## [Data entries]
----------
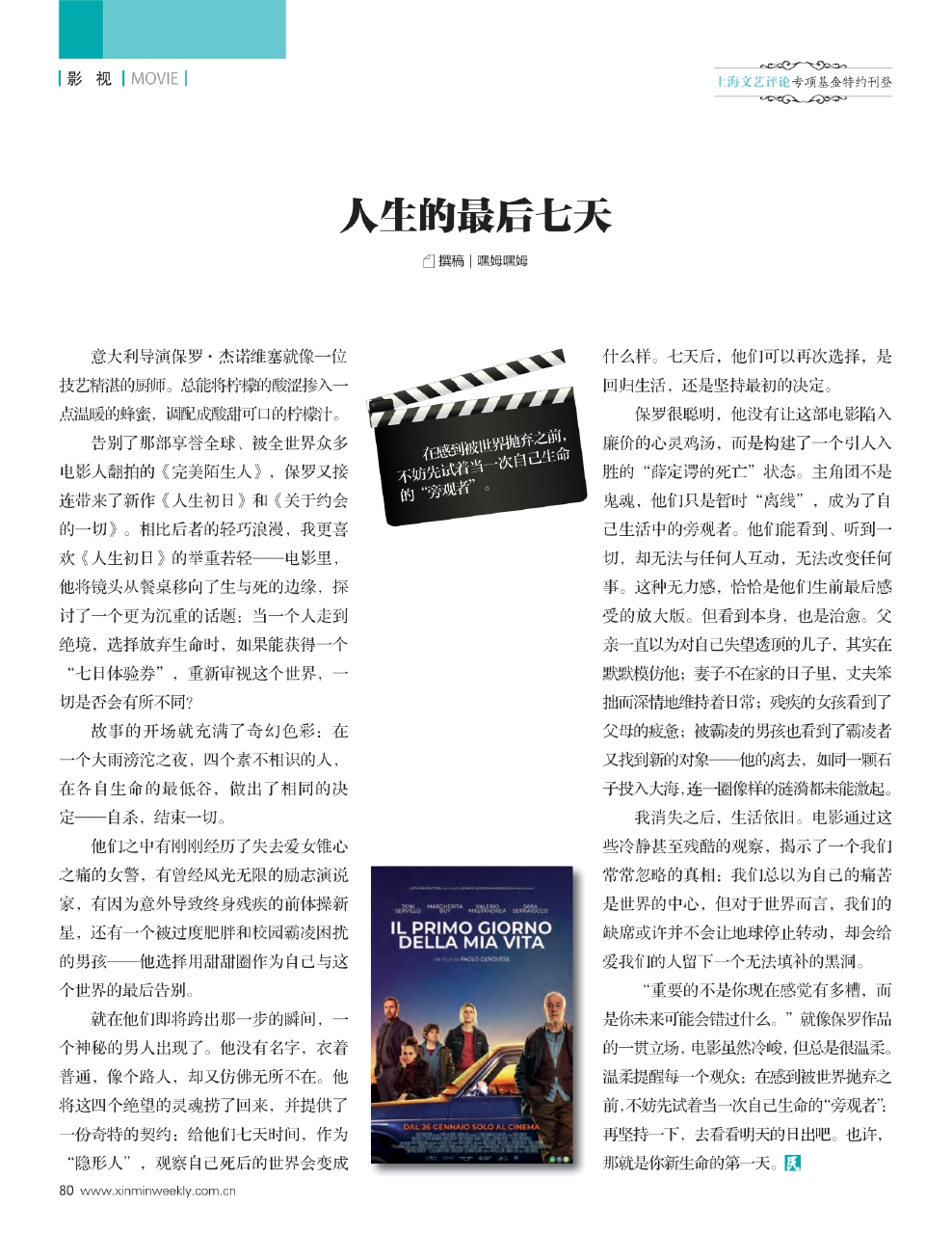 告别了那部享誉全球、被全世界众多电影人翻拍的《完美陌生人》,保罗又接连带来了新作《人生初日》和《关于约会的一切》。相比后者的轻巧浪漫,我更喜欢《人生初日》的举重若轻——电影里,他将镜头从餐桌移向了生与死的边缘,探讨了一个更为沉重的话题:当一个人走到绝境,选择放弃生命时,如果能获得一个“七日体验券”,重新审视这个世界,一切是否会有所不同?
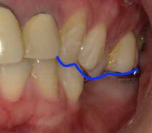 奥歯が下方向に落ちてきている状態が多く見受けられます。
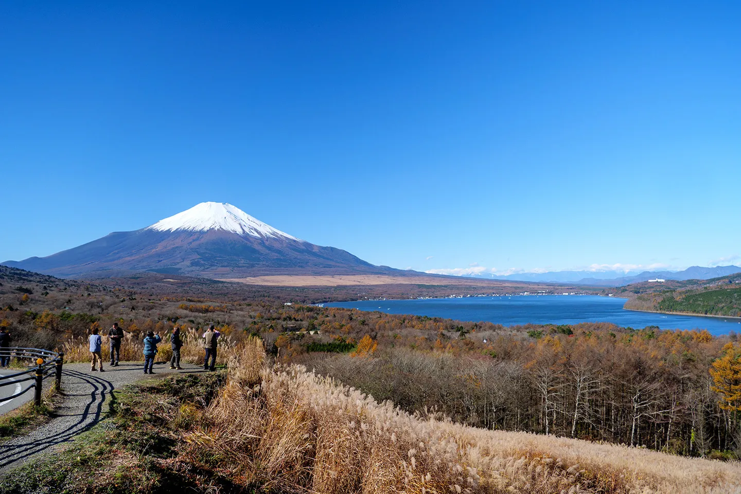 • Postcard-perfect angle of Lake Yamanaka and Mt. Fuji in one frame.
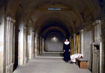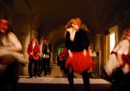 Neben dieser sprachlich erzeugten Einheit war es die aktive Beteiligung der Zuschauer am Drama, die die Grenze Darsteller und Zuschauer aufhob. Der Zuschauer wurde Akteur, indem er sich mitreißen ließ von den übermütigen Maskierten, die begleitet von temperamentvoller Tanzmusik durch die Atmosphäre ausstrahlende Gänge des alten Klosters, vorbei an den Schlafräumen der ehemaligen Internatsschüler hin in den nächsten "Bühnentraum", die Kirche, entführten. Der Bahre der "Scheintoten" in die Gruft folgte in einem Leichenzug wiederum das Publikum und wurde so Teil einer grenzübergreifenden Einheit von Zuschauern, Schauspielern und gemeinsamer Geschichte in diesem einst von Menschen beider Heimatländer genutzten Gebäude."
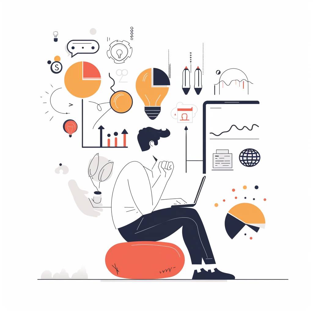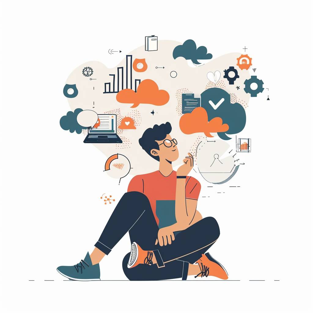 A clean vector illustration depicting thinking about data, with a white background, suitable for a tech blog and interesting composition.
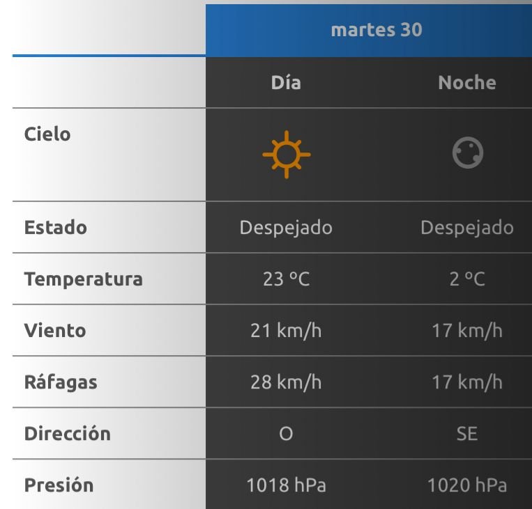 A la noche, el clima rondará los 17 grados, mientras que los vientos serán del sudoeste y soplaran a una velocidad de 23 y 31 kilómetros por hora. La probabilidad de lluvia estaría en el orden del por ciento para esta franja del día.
----------
## [Problem statement]
Word for word, restate the lines above from the one with "奥歯が下方向に落ちてきている状態が多く見受けられます。" through the one with "in one frame.", keeping both ends and dropping the pictures.

## [Response box]
 奥歯が下方向に落ちてきている状態が多く見受けられます。
 • Postcard-perfect angle of Lake Yamanaka and Mt. Fuji in one frame.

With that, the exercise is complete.